Since there was no separate 'auto-rudder engage' control switch (the function was permanently active), and it was only mentioned very much in passing during training, some pilots were not even aware it existed.......

CJ

Thumbs Up for CJ, CliveL, M2Dude and other guys.:ok:

I'm wondering that does the auto-stab function in yaw axis does apply some
rudder when pilot fly the aircraft by his hand to prevent the sideslip or
dutchroll or not?

Also, does the auto stab does "modify" some pilot input to minimize the effect
of the turbulence all the time when airplane encounter the turbulence or only
when the AP are in the "TURB" mode? Does it help to reduce the stress on the
aircraft like the "load alleviation" on the moder aircraft like A380?

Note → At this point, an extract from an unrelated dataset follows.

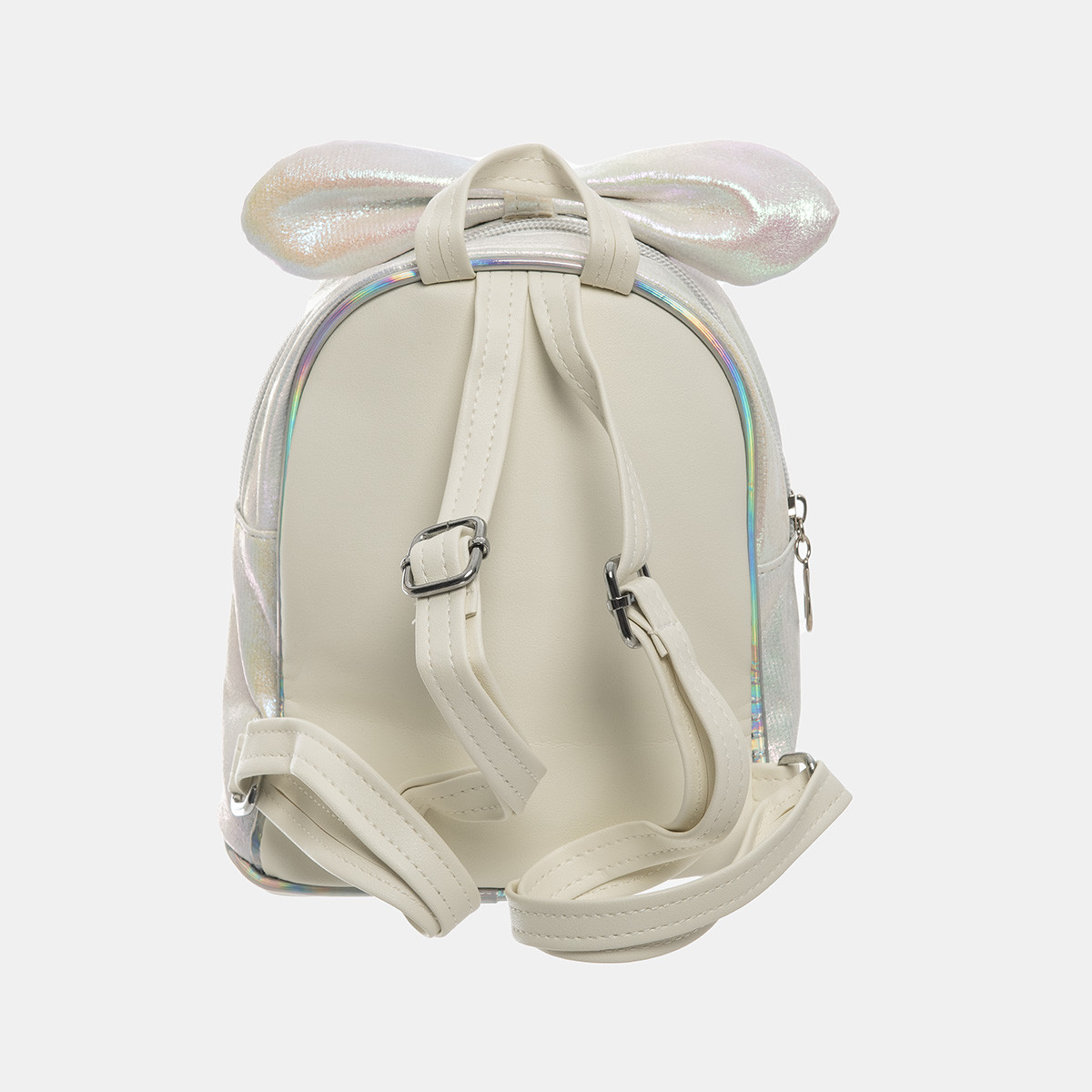 • Τσαντάκι πλάτης ασημί με φιόγκο και κονφετί

And final the final question, how the camber help to reduce the shifting
position of the center of pressure on the Concorde and if possible where is it
on the wing?

Thanks for all of yours reply.

Best regards

ChristiaanJ
But this was the beauty of Concorde, there was so much in the way of automatic protections and enhancements 'built in' that one could quite quite reasonably take it all for granted. That was definately true for most of the AFCS computation. (It's all your fault ChristiaanJ for helping to design such a great system :D).
And now we have CliveL joining this thread, one of the true 'fathers of Concorde', it can only become even more fascinating with his inputs here.
(BTW, this thread has now passed 100,000 viewings in just four short months :)).

Best regards
Dude :O

MrVortex
Concorde had triple-axis auto stabilisation, where pilot demands were routed via an AUTOSTAB COMPUTER and summed with any stabilisation demands. There was automatc roll/yaw crossfeed, where for a given roll demand there was a coresponding amount of rudder applied, the amount of which was a function of Mach number. As far as 'dutch roll' etc the autostab system employed rate gyros in the same way as a conventional 'yaw damper' would operate in an inferior :sad:(oops, my bad.. I mean SLOWER) aircraft.
The AUTOSTAB operated full time, irrespective of AFCS mode. (Perhaps EXWOK, NW1 or one of the other boys will confirm that TURB mode was seldom EVER used in airline service. It was a (if I remember correctly) a Pitch/HDG hold autopilot mode with reduced gain).

Best regards
Dude :O

Firstly; Thanks AZR!

Then, yes the autostabiliser does provide yaw damping to control the Dutch roll, but there was also (from memory) some roll damping.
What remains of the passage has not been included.